[Start of Attachment]

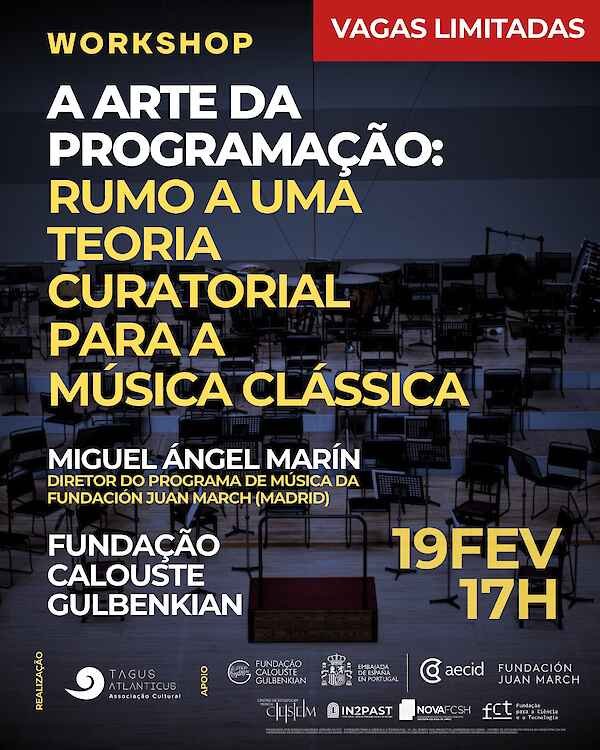 No panorama da música clássica, faz-se urgente pensar formatos de concerto inovadores, mas, surpreendentemente, continua a predominar a pesada herança das estruturas de concerto do século XIX. Este paradoxo pode ser atribuído, em parte, à falta de modelos inspiradores para a mudança. A convite da Tagus-Atlanticus Associação Cultural, o musicólogo e programador espanhol Miguel Angelo Marín irá apresentar um quadro teórico (em desenvolvimento) para a curadoria de concertos baseado em quatro tipos ideais, que oferecem uma abordagem flexível à programação. Objetivos:
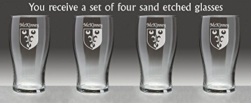 Product description: McKinney Irish Coat of Arms Tavern GlassesDanger: Curves ahead! From her hand-sized base to the gentle swell of her keel, this style of glassware is an age-old tradition on oaken bars all over the Celtic isles because of the wonderful balance, weight and durability she brings to the table.An official standard Irish pint at 20 oz., the Coat of Arms Tavern Glass features your permanently sand-etched Irish family coat of arms. Microwave and dishwasher safe.Choose from over 1200 available family Irish crests. Authentic Irish Family Coat of Arms Over 25 years of Heraldry Research Set of 4 Irish Coat of Arms Tavern Glasses (Sand Etched) High quality sand etchingEach glass holds 20 ounces of your favorite beverage
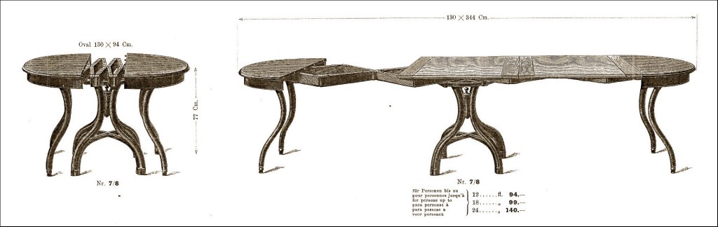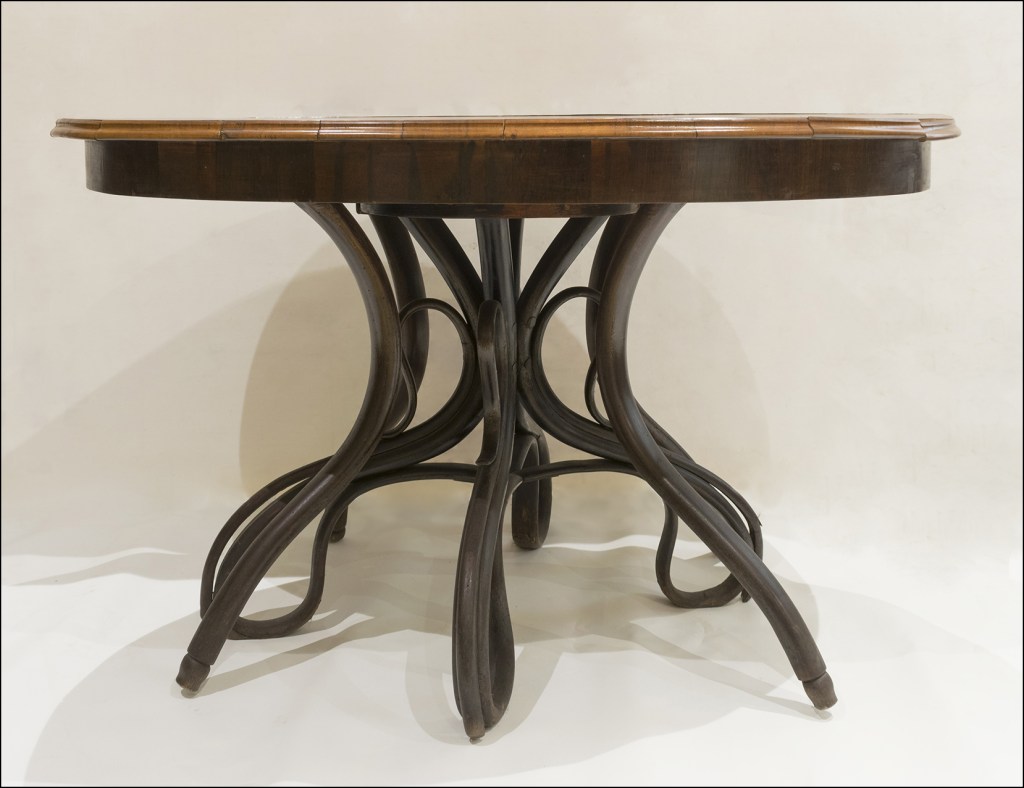 Una pieza deliciosa de mueble curvado de la Casa Museo es la mesa de juego de Hermanos Thonet, que es como la mesa de lectura del catálogo de este fabricante, aparecida en 1878, pero tiene un sobre con un diseño para juego que se podía solicitar como una opción. La mesa lleva la primera etiqueta de la firma y, por tanto, fue producida antes de 1883. Una mesa semejante se conserva en el Museo de la Ciudad de Boppard (Alemania), localidad natal de Michael Thonet.
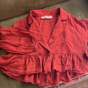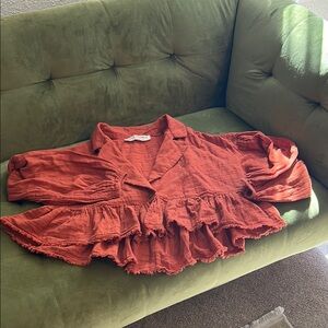 Free People burnt orange oversized top in size small but can fit a medium just fine. Worn 5x at the most.
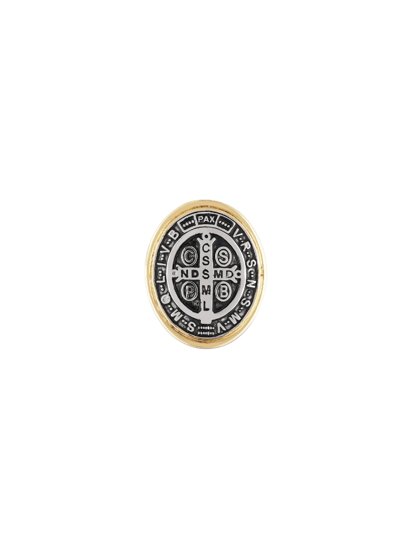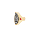 Anillo elaborado en plata con baño en oro amarillo, oro negro, rodio e incrustación de cristales color cristal
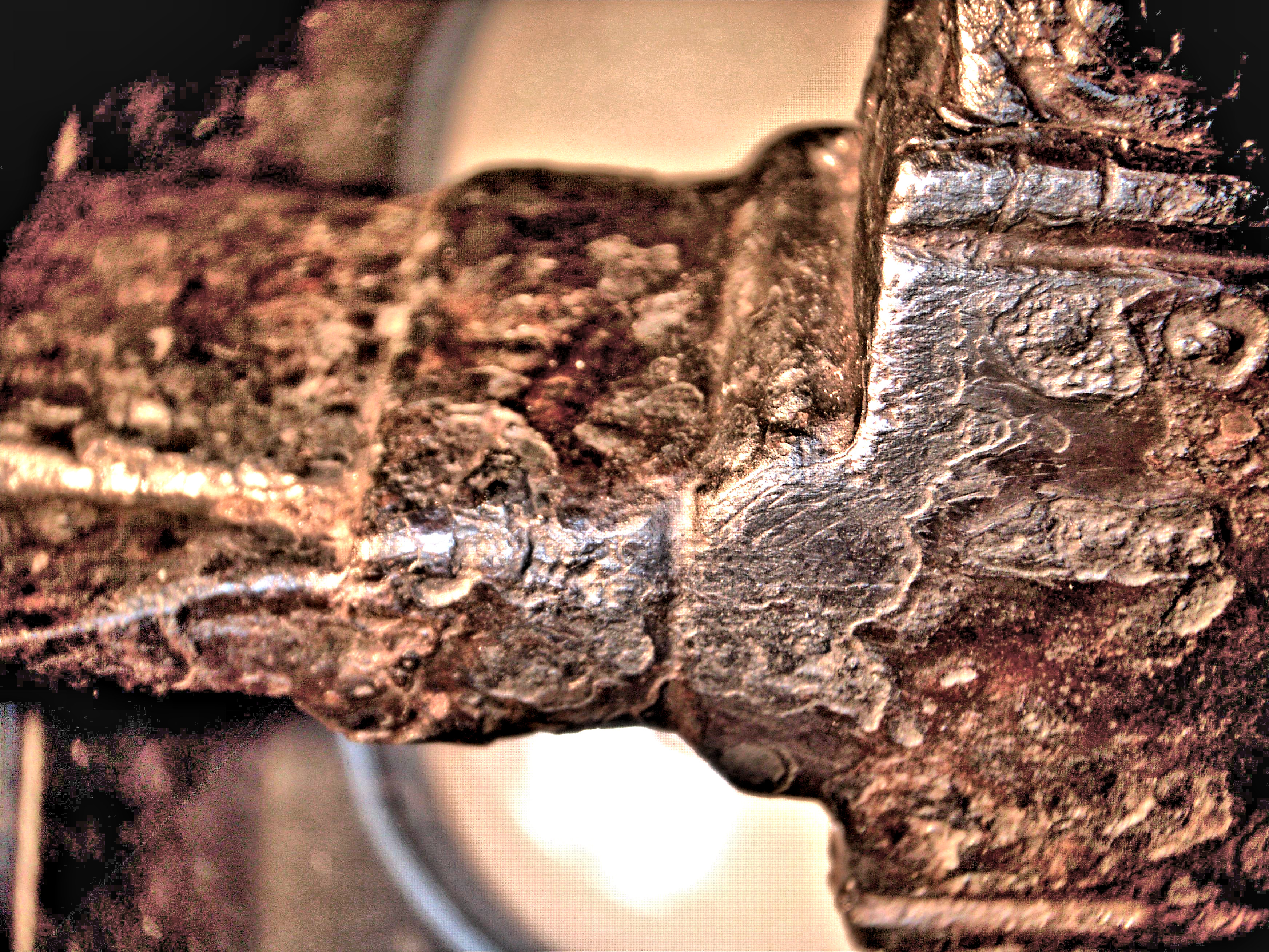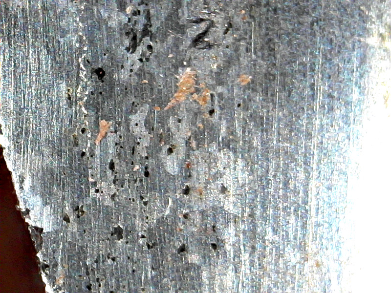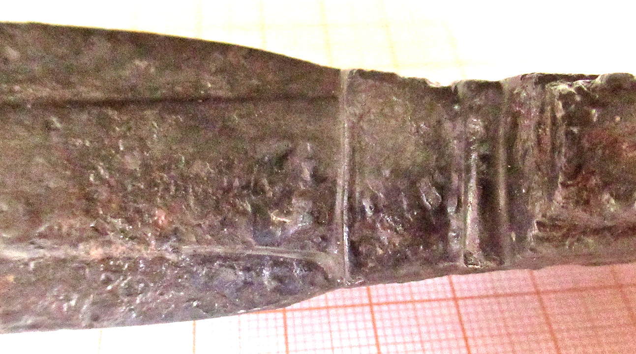 up small pits etc. (rather well done) Polished by hand the cross-section on the broken blade part. Did Nital etch. Definitely dirty old iron and possibly layered structure but not conclusive. Interesting enough for serious project |
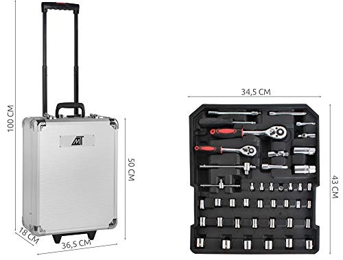 SPEZIFIKATIONEN – Werkzeugmaterial: C45 Stahl und Cr-V Chrom-Vanadium Cr-V; Kofferabmessungen (Länge/Breite/Höhe): 50/36,58/18cm; max. Höhe mit Griff: 100cm; Gewicht des Sets: 11,75 kg; Gewicht mit Verpackung: 12,3 kg.
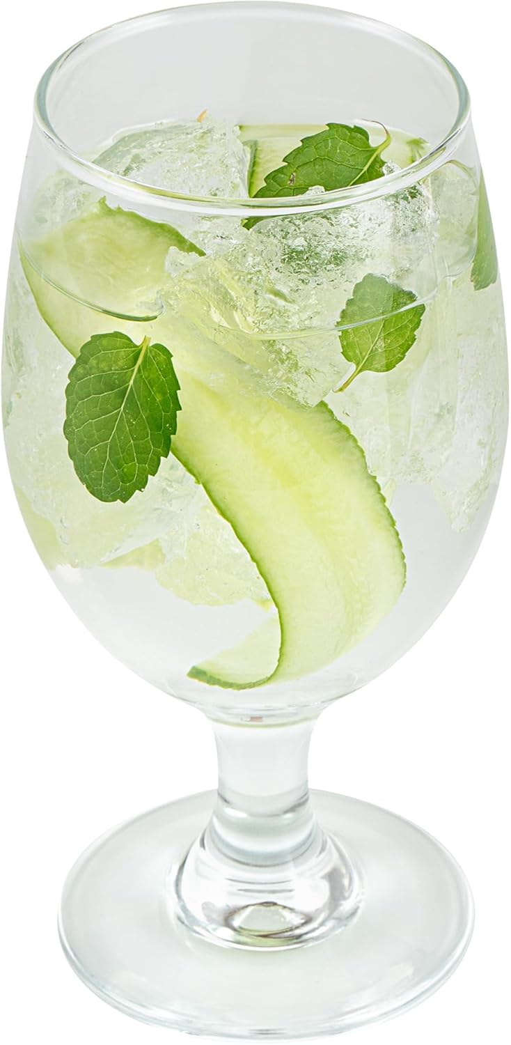 Elevate your beverage service with our Vetri 14-ounce Water Goblet Glasses. With a crystal-clear finish, these drinking glasses expertly display your effervescent brews, creating an unforgettable presentation. These wine glasses have a comfortable opening at the top, allowing drinkers to savor every sip, making them ideal for any occasion. The thick stem of these cocktail glasses ensures optimal stability on trays, countertops, and tables. These water glasses are designed with a robust foot and minimize the risk of toppling over, effectively reducing the chances of spills. Crafted from durable soda lime glass that does not contain lead, these beverage glasses withstand regular use while maintaining their pristine appearance. Dishwashable for convenience, these bar glasses provide a simplified cleaning for easy upkeep and maintenance. These glass goblets measure 2.72 inches in diameter by 6.5 inches in height and can hold up to 14 ounces. Sold in a 6 count box.
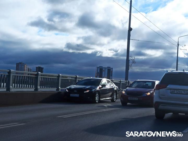В эти минуты на Саратовском мосту практически заблокировано движение транспорта. Ближе к Энгельсу столкнулись четыре автомобиля: Toyota, Chery, Skoda и "14-я". Машины заняли правую полосу дороги в сторону Саратова. Об этом сообщают водители, попавшие в пробку.
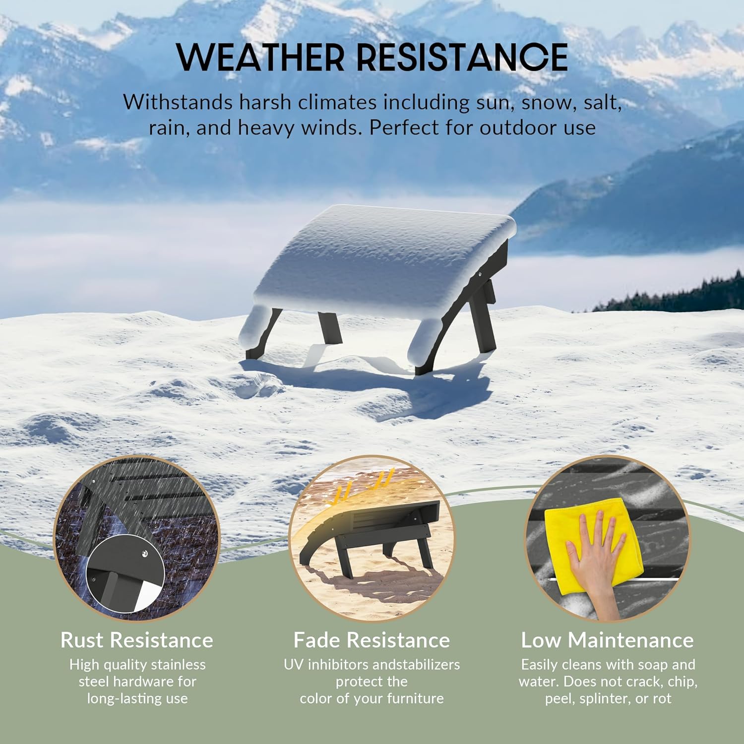 - All Weather Resistant: This Adirondack foot rest are made of HDPE plastic, its weather resistant and UV fade resistant material can withstand in various enviromental pressure and not easy to dent, crack , peel or rot as wood.
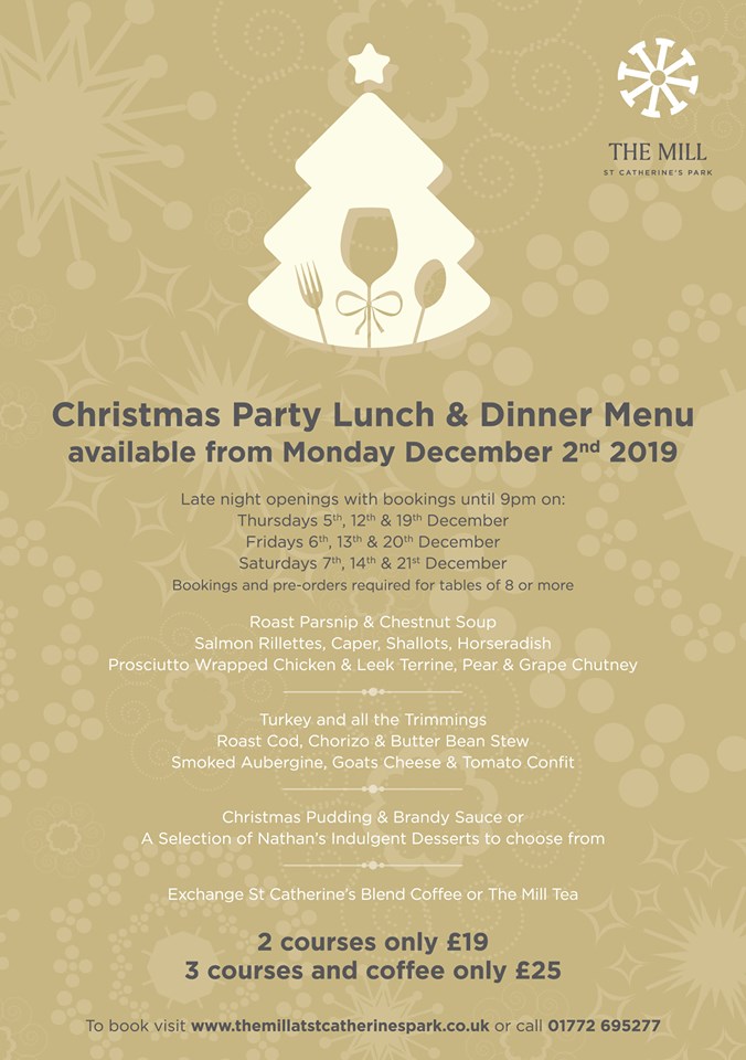 Throughout December The Mill will be serving up a delicious festive menu each lunch time, and will also be open late on Thursdays, Fridays and Saturdays.
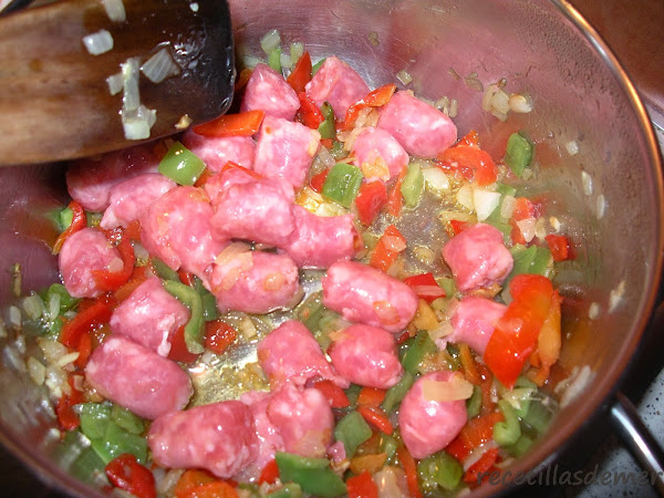 En una sarten poner un chorro de aceite de oliva, y sofreir la cebolla picada a fuego bajo, añadir el diente de ajo picado y los pimientos troceados. Sofreir todo junto. Cuando la verdura este blanda añadir las salchichas troceadas y freír. Agregar el vino y dejar todo junto unos minutos hasta que el vino se evapore.
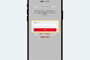 確認した認証コードを入力し、次へを選択します。
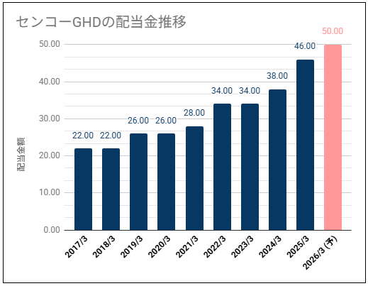 センコーHDは年2回 (中間・期末) の配当を実施してます。3月末が決算です。
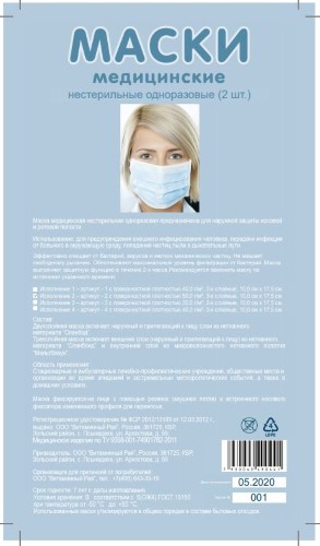 Маска медицинская нестерильная одноразовая предназначена для наружной защиты носовой и ротовой полости.
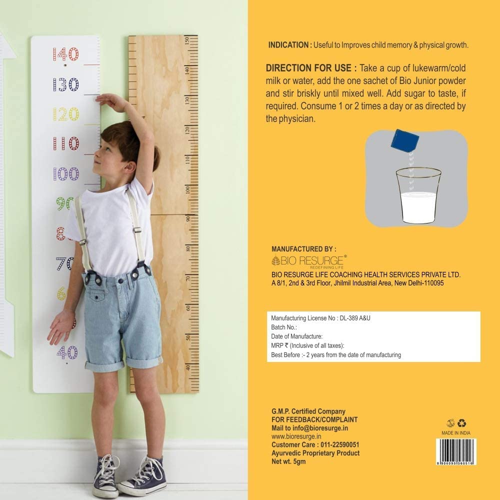 Bio Resurge Bio Junior Powder Kids Health and Nutrition Protien Powder to improve for Nutrition and physical growth(5 gm X 30 Sachets)
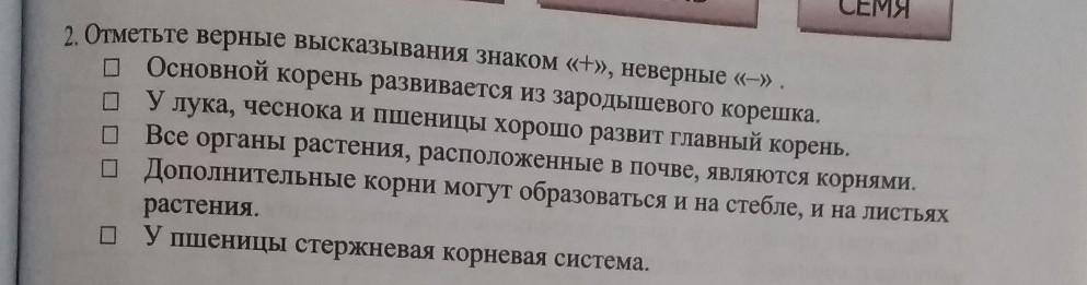 2)У лука, чеснока и пшеницы хорошо развит главный корень. (-)
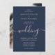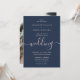 Navy Blue and Blush Photo Modern Script Wedding Invitation

[End of Attachment]

Transcribe the entries word for word, without their pictures.

■ Exercise solution
 No panorama da música clássica, faz-se urgente pensar formatos de concerto inovadores, mas, surpreendentemente, continua a predominar a pesada herança das estruturas de concerto do século XIX. Este paradoxo pode ser atribuído, em parte, à falta de modelos inspiradores para a mudança. A convite da Tagus-Atlanticus Associação Cultural, o musicólogo e programador espanhol Miguel Angelo Marín irá apresentar um quadro teórico (em desenvolvimento) para a curadoria de concertos baseado em quatro tipos ideais, que oferecem uma abordagem flexível à programação. Objetivos:
 Product description: McKinney Irish Coat of Arms Tavern GlassesDanger: Curves ahead! From her hand-sized base to the gentle swell of her keel, this style of glassware is an age-old tradition on oaken bars all over the Celtic isles because of the wonderful balance, weight and durability she brings to the table.An official standard Irish pint at 20 oz., the Coat of Arms Tavern Glass features your permanently sand-etched Irish family coat of arms. Microwave and dishwasher safe.Choose from over 1200 available family Irish crests. Authentic Irish Family Coat of Arms Over 25 years of Heraldry Research Set of 4 Irish Coat of Arms Tavern Glasses (Sand Etched) High quality sand etchingEach glass holds 20 ounces of your favorite beverage
 Una pieza deliciosa de mueble curvado de la Casa Museo es la mesa de juego de Hermanos Thonet, que es como la mesa de lectura del catálogo de este fabricante, aparecida en 1878, pero tiene un sobre con un diseño para juego que se podía solicitar como una opción. La mesa lleva la primera etiqueta de la firma y, por tanto, fue producida antes de 1883. Una mesa semejante se conserva en el Museo de la Ciudad de Boppard (Alemania), localidad natal de Michael Thonet.
 Free People burnt orange oversized top in size small but can fit a medium just fine. Worn 5x at the most.
 Anillo elaborado en plata con baño en oro amarillo, oro negro, rodio e incrustación de cristales color cristal
 up small pits etc. (rather well done) Polished by hand the cross-section on the broken blade part. Did Nital etch. Definitely dirty old iron and possibly layered structure but not conclusive. Interesting enough for serious project |
 SPEZIFIKATIONEN – Werkzeugmaterial: C45 Stahl und Cr-V Chrom-Vanadium Cr-V; Kofferabmessungen (Länge/Breite/Höhe): 50/36,58/18cm; max. Höhe mit Griff: 100cm; Gewicht des Sets: 11,75 kg; Gewicht mit Verpackung: 12,3 kg.
 Elevate your beverage service with our Vetri 14-ounce Water Goblet Glasses. With a crystal-clear finish, these drinking glasses expertly display your effervescent brews, creating an unforgettable presentation. These wine glasses have a comfortable opening at the top, allowing drinkers to savor every sip, making them ideal for any occasion. The thick stem of these cocktail glasses ensures optimal stability on trays, countertops, and tables. These water glasses are designed with a robust foot and minimize the risk of toppling over, effectively reducing the chances of spills. Crafted from durable soda lime glass that does not contain lead, these beverage glasses withstand regular use while maintaining their pristine appearance. Dishwashable for convenience, these bar glasses provide a simplified cleaning for easy upkeep and maintenance. These glass goblets measure 2.72 inches in diameter by 6.5 inches in height and can hold up to 14 ounces. Sold in a 6 count box.
В эти минуты на Саратовском мосту практически заблокировано движение транспорта. Ближе к Энгельсу столкнулись четыре автомобиля: Toyota, Chery, Skoda и "14-я". Машины заняли правую полосу дороги в сторону Саратова. Об этом сообщают водители, попавшие в пробку.
 - All Weather Resistant: This Adirondack foot rest are made of HDPE plastic, its weather resistant and UV fade resistant material can withstand in various enviromental pressure and not easy to dent, crack , peel or rot as wood.
 Throughout December The Mill will be serving up a delicious festive menu each lunch time, and will also be open late on Thursdays, Fridays and Saturdays.
 En una sarten poner un chorro de aceite de oliva, y sofreir la cebolla picada a fuego bajo, añadir el diente de ajo picado y los pimientos troceados. Sofreir todo junto. Cuando la verdura este blanda añadir las salchichas troceadas y freír. Agregar el vino y dejar todo junto unos minutos hasta que el vino se evapore.
 確認した認証コードを入力し、次へを選択します。
 センコーHDは年2回 (中間・期末) の配当を実施してます。3月末が決算です。
 Маска медицинская нестерильная одноразовая предназначена для наружной защиты носовой и ротовой полости.
 Bio Resurge Bio Junior Powder Kids Health and Nutrition Protien Powder to improve for Nutrition and physical growth(5 gm X 30 Sachets)
 2)У лука, чеснока и пшеницы хорошо развит главный корень. (-)
 Navy Blue and Blush Photo Modern Script Wedding Invitation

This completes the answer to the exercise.